Optimum is an internet/TV/phone company that routinely gives me such lousy service that I often have to write Mr. Blog’s Tepid Ride from the gas station down the street. (And it shows- the Editors.)

They are running very annoying commercials at all hours of the day touting their excellent service. Ironically, their service is so bad I can only see those commercials when I am at the home of anyone else with better internet. Or at the gas station. I get better service stealing the gas station unsecured Wi-Fi than I do at home from Optimum.

The commercial begins with very serious-seeming people working on very serious-seeming stuff in a very serious setting that looks like NASA in every film you have ever seen.

The real NASA has technology about two decades older.

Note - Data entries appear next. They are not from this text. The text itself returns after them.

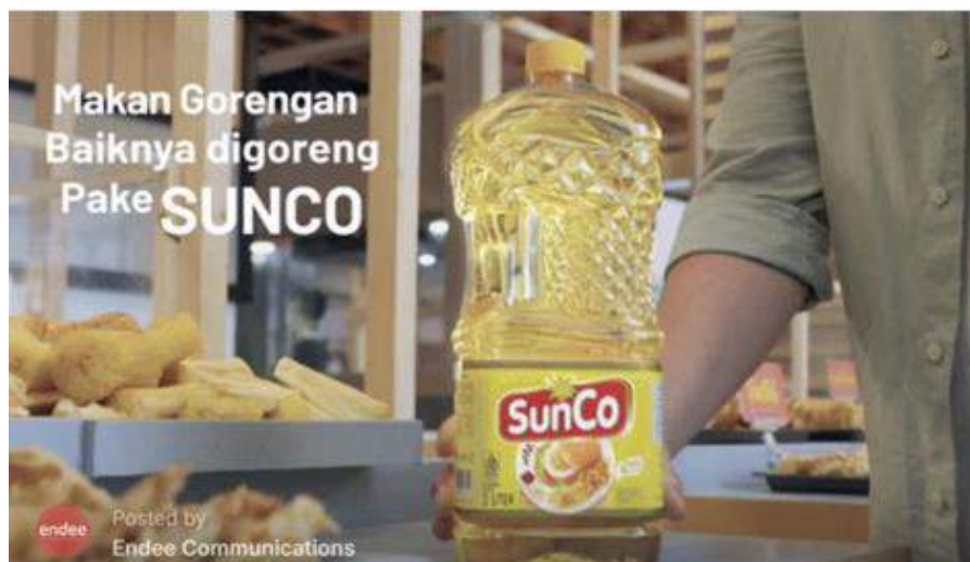
Gambar 2. 5

Sunco, dengan tagline "Sunco Minyak Goreng Baik", merupakan minyak goreng lokal yang menekankan kebersihan dan keunggulannya yang tidak mudah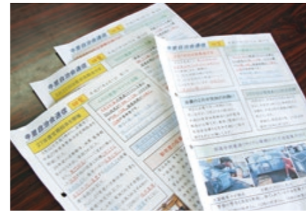
2年間で作成した自治会通信は43号に

えています。今後は、防災隊が有効に機能するかなどの検証を行っていききたいですね。また、いざというときのための災害基金の創設も検討していきたいと考えています。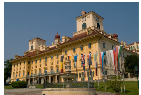
Ein Wahrzeichen von Eisenstadt – das Schloss Esterházy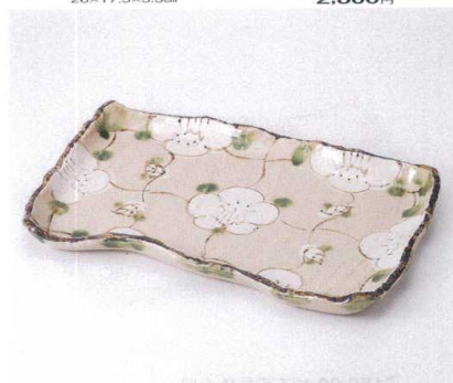
ツ155-10 格子花変形長角皿 37×24.5×3.5cm 4,750円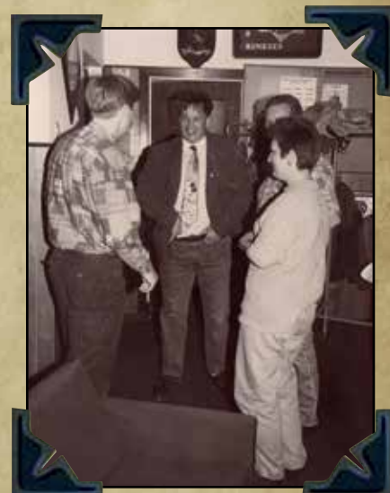
IPA Nmg bijeenkomst Paardenstal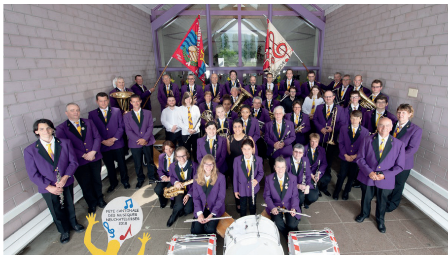
La Fanfare Béroche-Bevaix dans leur uniforme... violet, bien sûr!

Le comité de rédaction a décidé de présenter les sociétés locales de la commune. Pour cette édition, c'est au tour de la Fanfare Béroche-Bevaix de se présenter.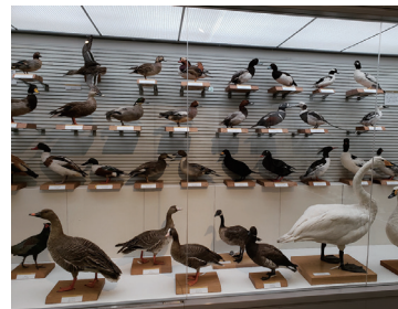
▲カモ目の標本展示

鳥の博物館では、日本産鳥類全種の剥製標本の収集を目標に資料を集めています。現在、日本産鳥類633種の6割に当たる389種の標本を収蔵しています。集めた標本を公開し、多様な日本の鳥を紹介します。 日時 2月18日(出)～6月25日(日)午前9時30分～午後4時30分※月曜休館(祝日の場合は翌平日) 場所 鳥の博物館2階企画展示室 入館料 300円(高校・大学生200円、中学生以下・70歳以上無料)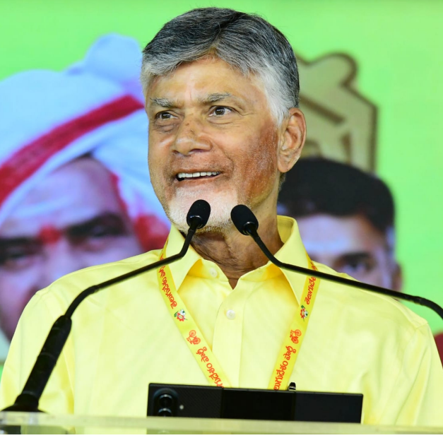
జయభేరి, విజయవాడ జూన్ 4 :

ఏపీ రాజకీయాల్లో సంచలన విజయాన్ని నమోదు చేసి, కూటమి ప్రభుత్వం అధికారంలోకి రావడానికి పునాది పడిన రోజును గుర్తుచేసుకుంటూ ముఖ్యమంత్రి చంద్రబాబు నోచేట్ మీడియా వేదికగా ఒక భావోద్వేగ పోస్ట్ పెట్టారు. 2024 జూన్ 4వ తేదీ (ఎన్నికల ఫలితాలు వచ్చిన రోజు) ఆంధ్రప్రదేశ్ చరిత్రలో ఎప్పటికీ చిరస్థాయిగా నిలిచిపోతుందని ఆయన పేర్కొన్నారు. రాష్ట్రంలో గత ప్రభుత్వంలో ఐదేళ్లుగా సాగిన విధ్వంసకాండకు పూర్తిగా స్పష్ట పలికి.. రాష్ట్రాన్ని మళ్లీ వికాసం వైపు ప్రగతి వైపు నడిపించాలని ఆంధ్రప్రదేశ్ ప్రజలు ఎంతో స్పష్టమైన తీరునిచ్చిన రోజు ఇదని చంద్రబాబు గుర్తుచేసుకున్నారు. ఈ సందర్భంగా ఆయన ప్రజలకు ఒక కీలక సందేశాన్ని ఇచ్చారు. ప్రజలు తమకు అప్పగించింది కేవలం 'అధికారాన్ని' కాదని.. కోలుకోలేని స్థితికి చేరిన రాష్ట్రాన్ని మళ్లీ పునర్నిర్మించే ఒక 'గొప్ప బాధ్యతను' తమ భుజాలపై పెట్టారని ఆయన వ్యాఖ్యానించారు. కూటమి ప్రభుత్వం ప్రతిక్షణం ప్రజల ఆశలు, ఆకాంక్షలను నెరవేర్చేందుకే పనిచేస్తుందని సీఎం స్పష్టం చేశారు. సంక్షేమం, అభివృద్ధి, సుపరిపాలన

That's true.

The real NASA has technology about two decades older. That’s true.

How serious is this? It is so serious that these people have their fingers on the nuclear button! We’re through the looking glass, people.

gamma 0

Finally, they intone “Gamma is a go. Go for Gamma.” They turn their keys, push their buttons, and jump up and celebrate as the warheads launch towards North Korea. Finally, Kim Jung-un, it is put up or shut up time. No, no, not really.

They turn their keys, push their buttons, and jump up and celebrate as an old woman and a baby appear on their screens.

gamma 1

The woman then appears to have a stroke, making faces and odd clicking sounds at the baby, who seems to take delight in the old woman’s senility. Seriously, the woman seems less like she is trying to amuse the baby and more like she is sucking a lemon seed through a straw.

gamma 2

If this kid could talk he'd be calling 911.

If this kid could talk he’d be calling 911.

The voice-over comes on and asks “Did we do all that just so you could make silly faces with Gamma?” Before you can say “how the heck do I know?” the voice-over answers “yes we did.”

Ah gotcha, they developed a high-tech system so you can do whatever you want, even terrorize your grandkid. Nice. Cool. WAAAAAIT A MINUTE.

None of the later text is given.